Can you describe a bit what the logging_io and prediction_io are and how they're intended to be used? You mentioned it during the meeting yesterday, but it would be useful to have it briefly written out as well.

Lilferrit commented 1 week ago

Can you describe a bit what the logging_io and prediction_io are and how they're intended to be used? You mentioned it during the meeting yesterday, but it would be useful to have it briefly written out as well.

For sure, prediction_io contains the definition for the PredictionWriter interface as well as the definition for PredictionMultiWriter. For the most part, all of the functions in the PredictionWriter class were already implemented by MztabWriter. The PredictonWriter interface defines three member functions, log_prediction, log_skipped_spectra, and save which are all optional to implement by a class that implements the interface. The PredictionWriter interface is intended to provide a consistent interface for writing Casanovo sequence predictions to external IO (namely files and loggers).

PredictionMultiWriter implements the PredictionWriter interface, and maintains an internal list of PredictionWriters. When one of the PredictionWriter functions is called on a PredictionMultiWriter it'll call that member function on all of the PredictionWriters in it's internal list.

logger_io contains the definition of LogPredictionWriter, a PredictionWriter that is used to generate the end of sequencing run report. It maintains a table of predictions (which contains only the predicted peptide sequence and the search engine score at the time of writing), and writes to this table when log_prediction is called. When save is called it writes the end of run report to a logger object that is provided via the constructor.

bittremieux commented 1 week ago

Imo this is a bit over-engineered. Instead, we can just log directly where specific information is available using the Python loggers, rather than having to pass it all upstream to these new interfaces. Your implementation is precisely with the Python logger does after all: having a universal interface that multiple writers can hook into and write to different outputs. So we don't need to reinvent that.

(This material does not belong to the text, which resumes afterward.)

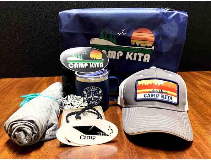 Auction Item: Camp Kita Swag that includes a shirt, hat, mug, bag and stickers

So I'd just log the PSM statistics in the MzTabWriter, which is where you have the PSMs. Skipped spectra are logged in the reader, which is where the skipping actually happens (or will happen after the DepthCharge upgrade). (The current spectrum skipping logging is also incorrect and adds non-negligible overhead, which should be avoid for only logging.) Other stuff can similarly be logged in other relevant locations, etc.

Lilferrit commented 1 week ago

Oh ok sounds good - so just to be clear should all of the PSM processing (e.g. the score distribution calculation) and logging happen in the MzTabWriter? Also, should skipped spectra logging just be delayed until the depth charge upgrade is implemented?

bittremieux commented 1 week ago

Yes, I think that's the logical place, considering that all PSMs are aggregated there.

Of course the over-engineering is my personal feeling. We could ask @wfondrie to weigh in as well.

Logging the number of skipped spectra can indeed be delayed for now.

Lilferrit commented 1 week ago

I agree that this solution is overengineered for addressing just the post run logging. My reasoning for implementing it this way is having a PSM io interface would make it relatively easy to extend the PSM io in general. For example if we want to support other output formats like parquet or csv in the future and add a command line option to specify multiple output formats (say you want to write the PSMs to csv and mzTab) it would be relatively easy to do this, or if an end user wants to write PSMs to an external component like a database they could write their own PredictionWriter module to handle this.

bittremieux commented 1 week ago

optimization

Lilferrit commented 1 week ago

Fair enough, I'll get everything moved to the mzTab writer.